Un artefacto bélico en casa

Una vecina de Rioseco guarda durante 26 años en casa un proyectil de la Guerra Civil sin saber si podía explotar

Un agente de la Guardia Civil observa el proyectil entregado por una vecina de Rioseco
La mujer entregó voluntariamente a la Guardia Civil el artefacto que fue localizado en el año 2000 pero que fue olvidado en el sótano

La Guardia Civil ha recogido el pasado jueves 26 de febrero un proyectil de artillería de metralla de calibre 75 milímetros que fue entregado por una mujer de forma voluntaria en el acuartelamiento del municipio vallisoletano de Medina de Rioseco. Según explicó la vecina que lo llevó hasta las dependencias oficiales, el artefacto apareció en el año 2000 durante unas obras de reforma en el sótano de su vivienda.

Tras el hallazgo, el proyectil quedó guardado en el interior de la casa y con el paso del tiempo terminó olvidado hasta que fue localizado de nuevo recientemente. Tras su entrega a la Benemérita, especialistas en desactivación de explosivos de la Guardia Civil examinaron el objeto y confirmaron que se trataba de un proyectil de metralla de 75 milímetros, un modelo ampliamente utilizado durante la Guerra Civil española. Aunque en este caso no contenía carga explosiva, su apariencia externa hacía pensar que podía encontrarse operativo, lo que suponía un potencial riesgo si hubiera sido manipulado sin las debidas precauciones.

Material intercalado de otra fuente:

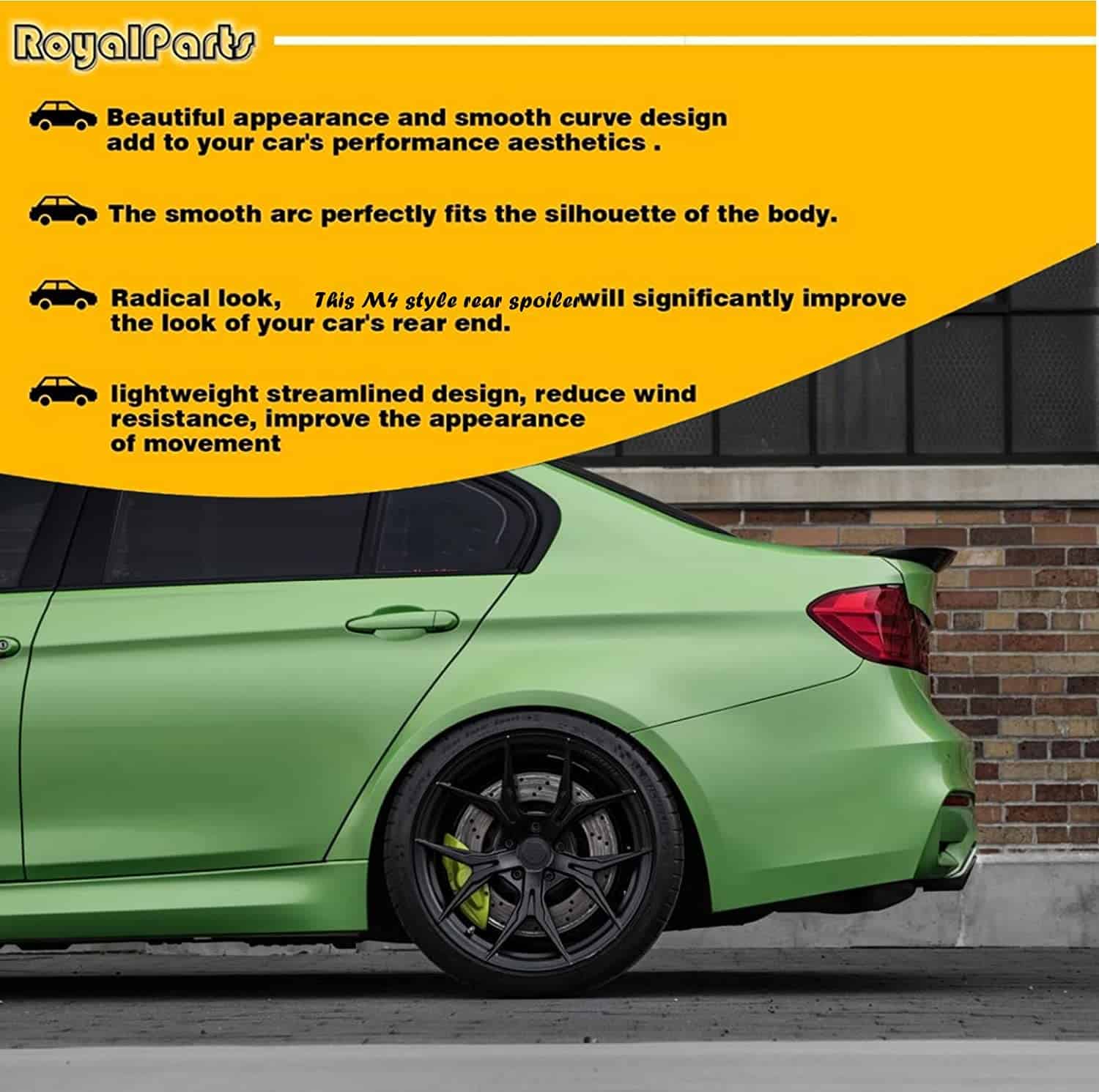2. Estilo M4: Mejorará drásticamente la apariencia deportiva de su coche. El nuevo alerón funciona bien y mejora el rendimiento general en manejo y durabilidad. Añade más downforce y ayuda en la aerodinámica.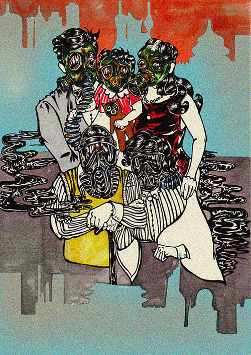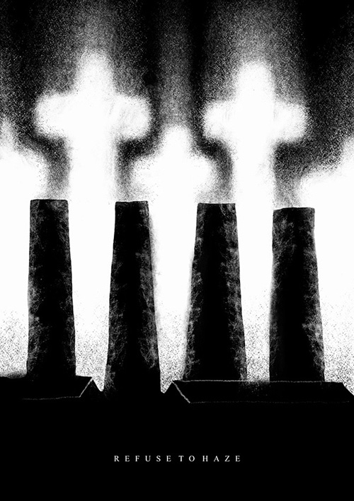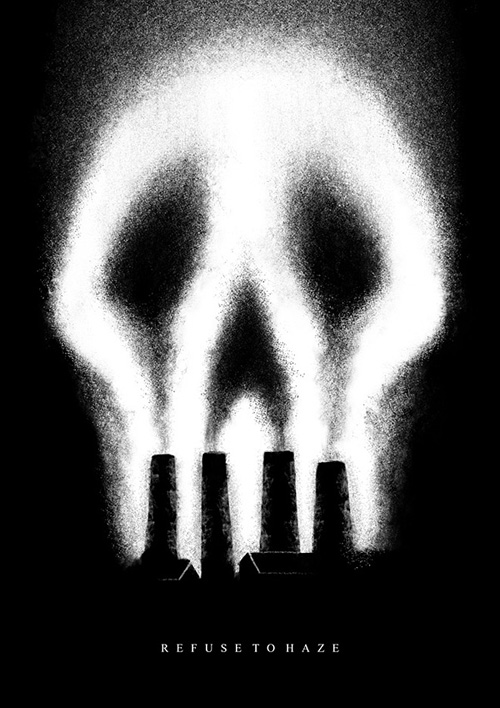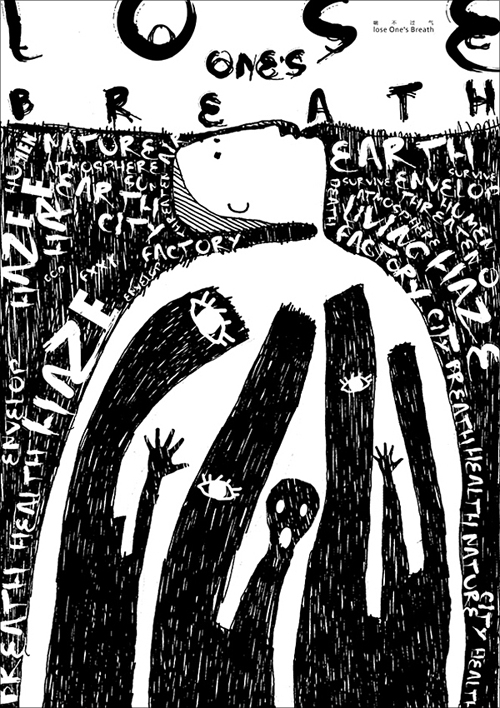 蔡仕伟:提醒公众从意识上对雾霾进行思考、反省,这是具有教育意义的作品,加之作者以强烈色彩与简练、双关的图形语言,很好地强调了这一观点,是清晰表达主题且又能赋予观者正确思考的佳作。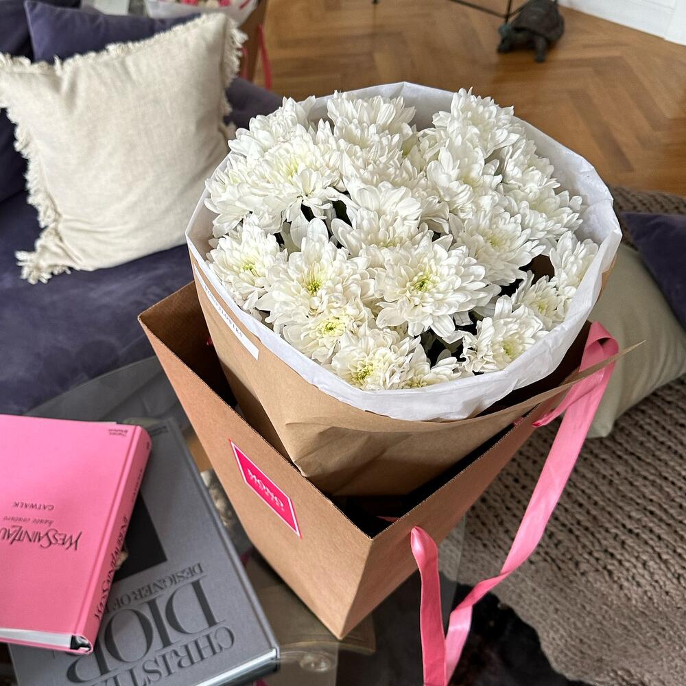 Хризантема – 5 шт.Открыточка с вашими пожеланиями – 1 шт.Транспортировочная коробка – 1 шт.Упаковка дизайнерская – 1 шт.подкормка для стойкости цветов – 1 шт.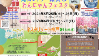 兵庫県三木市 ネスタリゾート神戸にて「わんにゃんフェスタ」が2024年6月1日(土)・2日(日)に開催予定。 全国各地からわんにゃんのためのSHOPが大集合! 世界に一つ!ウチの仔雑貨・わんこ洋服・わんにゃん用品・わんにゃん雑貨・おやつetc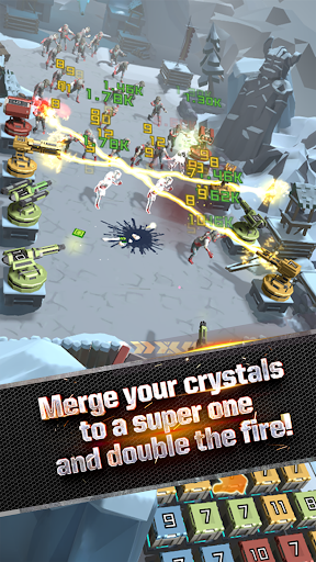 अपने क्रिस्टल को उच्च स्तर पर मर्ज करें और अपने क्रिस्टल को लाश के खिलाफ बुर्ज ग्रिड से लड़ें।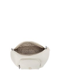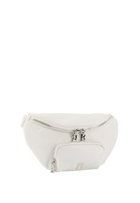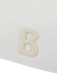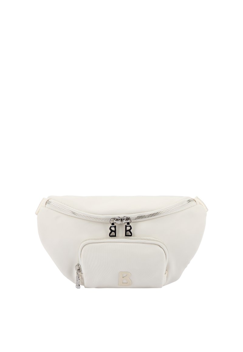 Sac banane blanc avec une grande poche principale zippée et une poche avant plus petite zippée, toutes deux équipées de tirettes de fermeture éclair argentées avec le logo "B".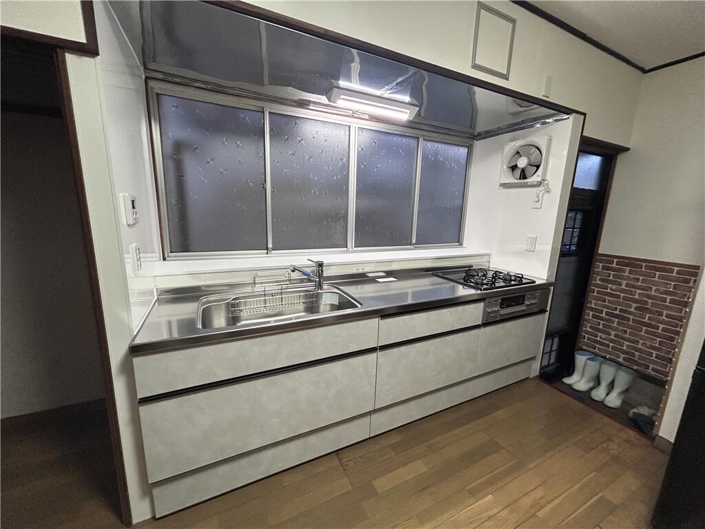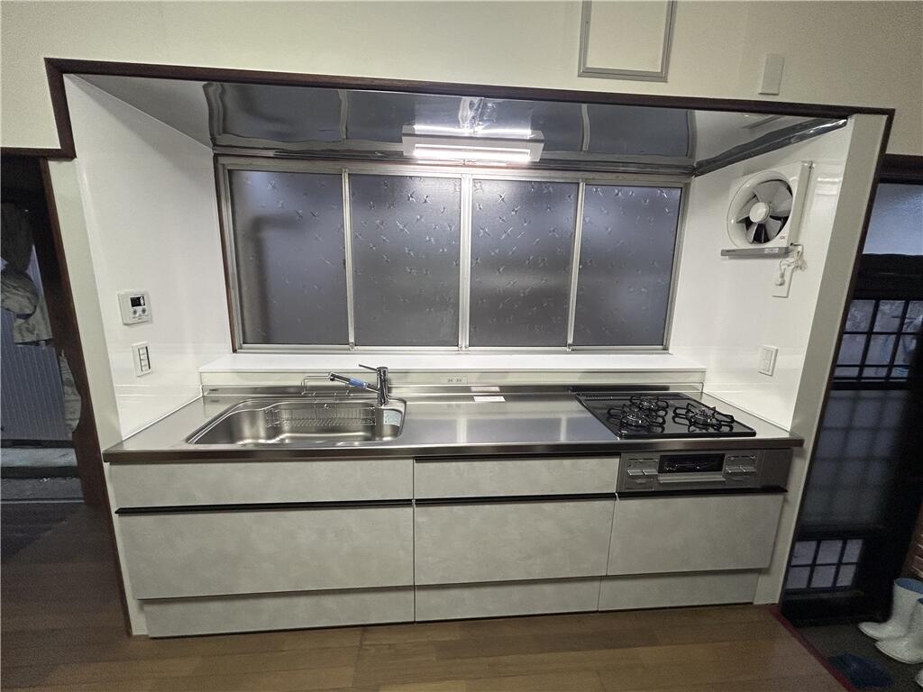 築35年以上のキッチンリフォームです。 シエラSはシンプルで使いやすく、飽きの来ないデザインとなっております。 お色もホワイトスタッコ(つや消し 抽象柄)をお選びいただき、キッチンがグッと明るくなりました。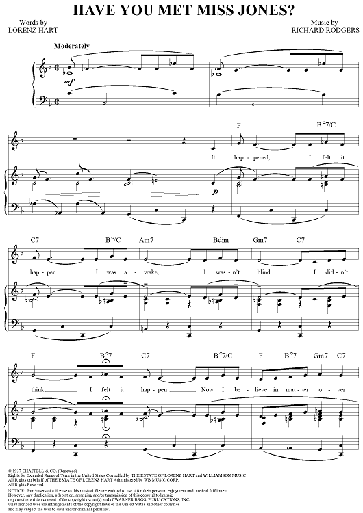 Digital Sheet Music for Have You Met Miss Jones? by Richard Rodgers, Lorenz Hart, Mel Torme scored for Piano/Vocal/Chords; id:124075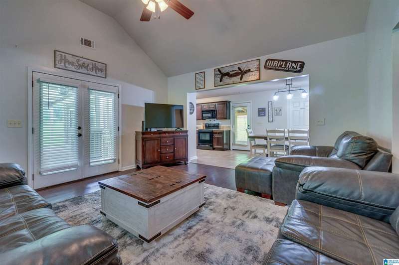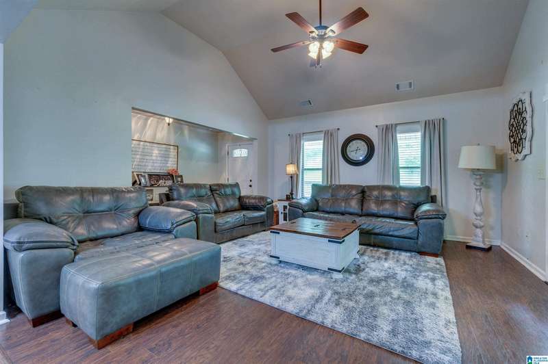 Nestled in the heart of Thorsby, Alabama, 52 Julia Cir is a beautiful home that offers 3 bedrooms and 2 bathrooms, featuring laminate vinyl flooring and carpeted bedrooms. The master suite is spacious, complete with a walk-in closet and a master bathroom with dual vanities. The exterior boasts a covered L-shaped front porch, perfect for outdoor relaxation, while the fenced-in backyard includes two storage buildings, one with electricity.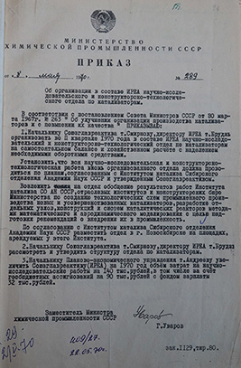 1 апреля 1969 г. подписан Приказ заместителя Министра химической промышленности СССР № 228 «Об организации Специального конструкторско-технологического бюро катализаторов /СКТБ катализаторов/ с опытным производством» на самостоятельном балансе и хозяйственном расчёте с наделением его необходимыми оборотными средствами и подчинением Союзглавреактиву.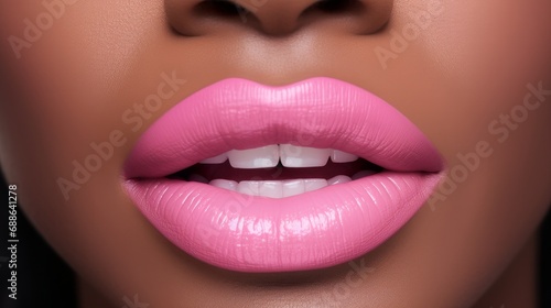 Obraz premium Lips with pink lipstick and white teeth of a beautiful, elegant, sexy African...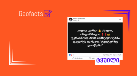 სოციალურ ქსელში Facebook-მომხმარებელი Shalva Qavtaradze, რომლის მიერ გავრცელებული დეზინფორმაცია „ჯეოფაქტსს“ წარსულშიც გადაუმოწმებია (1, 2, 3, 4, 5)...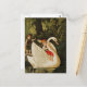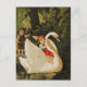 Vintage illustration of Gretel riding a large white swan. Hansel stands on the edge of the water watching his sister. Old-fashioned child's book illustration in public domain.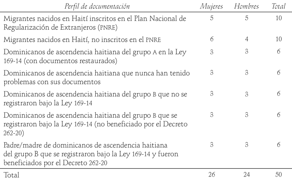 En octubre de 2020 un equipo de investigación de Obmica llevó a cabo 50 entrevistas semiestructuradas con personas de distintos perfiles de documentación, todas ellas padres o madres de hijas e hijos nacidos en territorio dominicano en los últimos cinco años. El cuadro 1 resume el número de participantes, por perfil y género.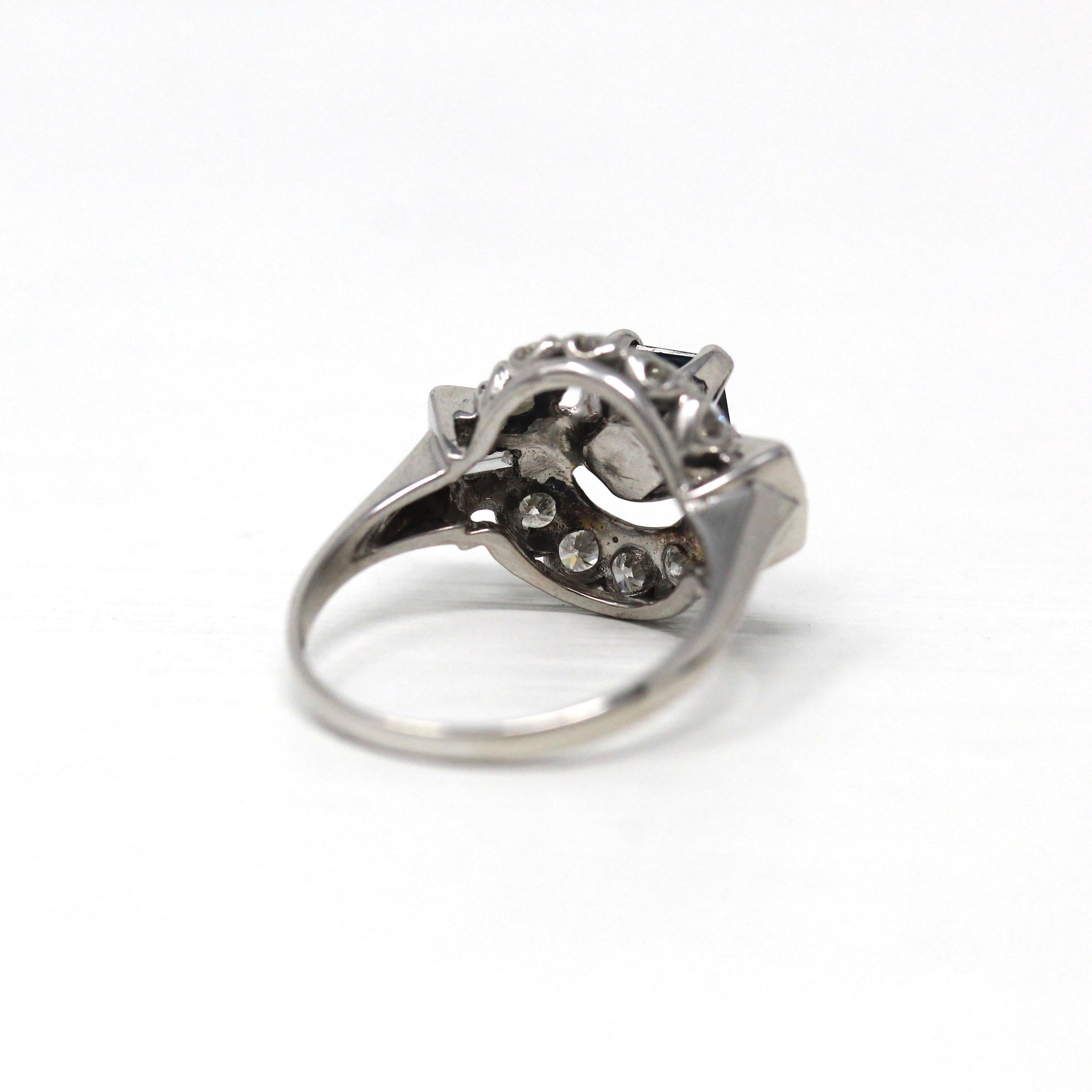 Sapphire & Diamond Halo Ring - 1980s Estate 14k White Gold .80 CT Blue Princess Round Baguette - Alternative Vintage Engagement Fine Jewelry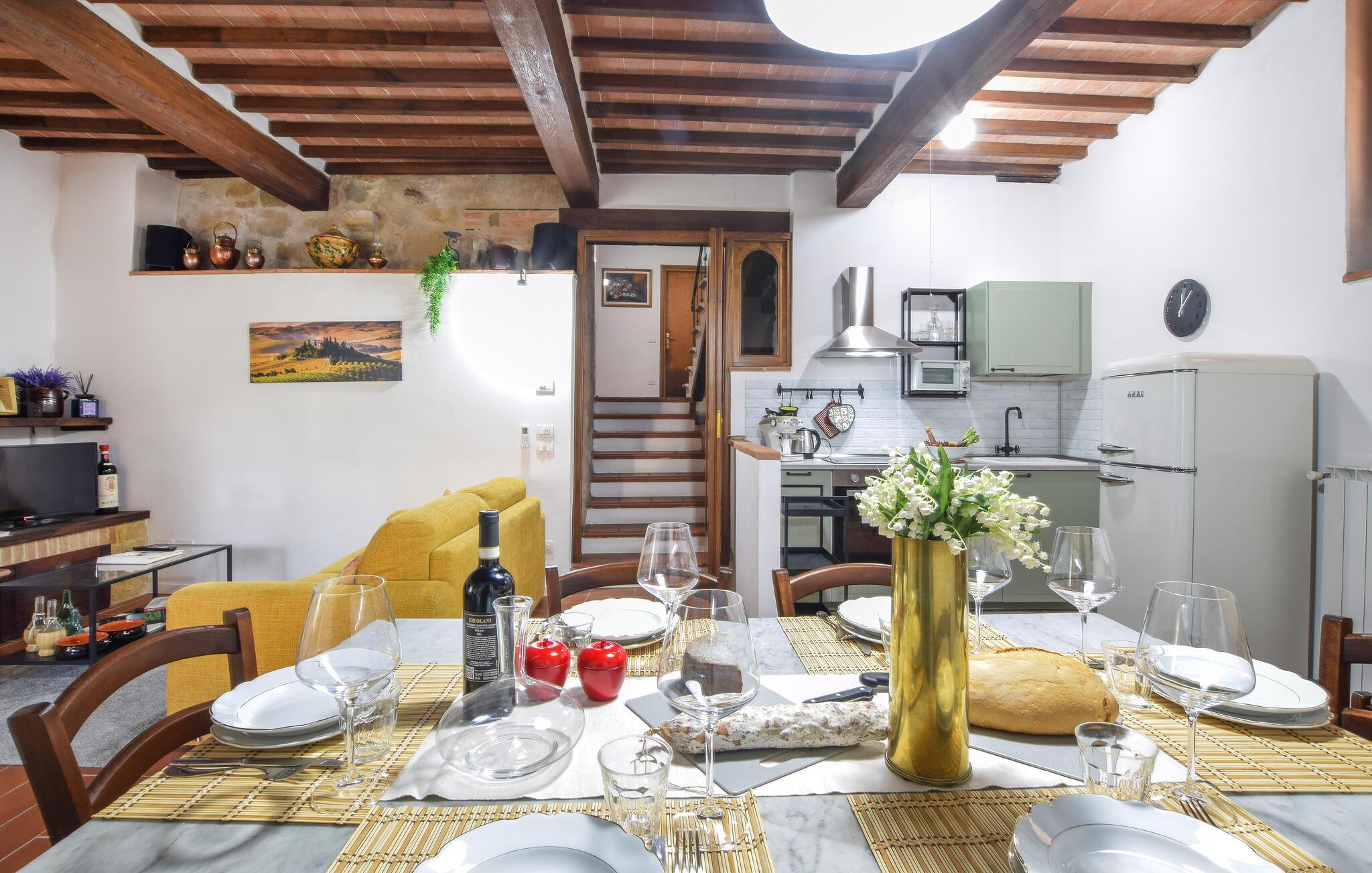 Im abgelegenen, mittelalterlichen Dorf Monticchiello im Val d'Orcia empfängt Sie diese geräumige Ferienwohnung mit Ambiente.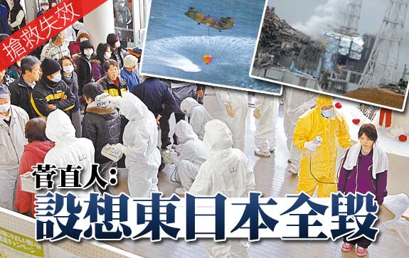日本上周五歷经9.0大地震后,福岛核灾持续恶化,已成最迫切的危机,福岛第一核电厂冷却系统震坏,险象环生,昨早四号炉又传火警,留守人员一度弃守。日 本《每日新闻》指出,首相菅直人昨晚说:「万一真的发生最糟糕的状况,连东日本都毁了的状况也得设想好才行。」他指责东京电力非常没有危机感。法国核安专 家则指「未来48小时是关键时刻」。 菅直人昨晚在官邸与内阁府特别顾问是笹森清会谈时,表达出东日本可能全毁的危机感。 福岛核电厂6个反应炉,爆炸起火不断传出,昨清晨4时许(台湾时间),四号炉所在的建筑物角落又传火警,上午9时许,叁号炉也因为过热冒烟,电厂上空冒出的大量白烟很可能是含有辐射物质的水蒸气。
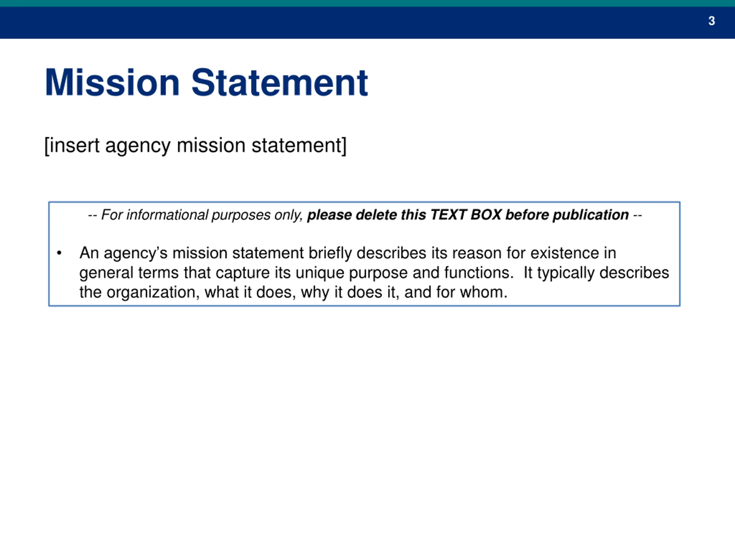 3 Mission Statement [insert agency mission statement] --For informational purposes only, please delete this TEXT BOX before publication -- An agency s mission statement briefly describes its reason for existence in general terms that capture its unique purpose and functions. It typically describes the organization, what it does, why it does it, and for whom.

Recomendaciones de la Guardia Civil

Ante este episodio, los agentes de la Guardia Civil de Valladolid han aprovechado para recordar a la ciudadanía que ante la aparición de un objeto sospechoso de contener explosivos, es fundamental no manipularlo ni trasladarlo, y poner en aviso a las autoridades. Las recomendaciones básicas son no tocar, mover ni alterar el objeto bajo ningún concepto; señalizar el lugar para poder identificarlo posteriormente; y avisar inmediatamente a la Benemérita a través del teléfono 062.

En caso de encontrar un objeto potencialmente peligroso dentro de una vivienda, los agentes recuerdan que se debe avisar directamente a la Guardia Civil, ya que la atención de este tipo de incidencias es prioritaria y no conlleva sanciones para quien da el aviso. Asimismo, se pide no transportar el artefacto o abandonarlo en otro lugar ya que el traslado puede entrañar peligro y dejarlo en un entorno descontrolado puede aumentar el riesgo de una posible explosión.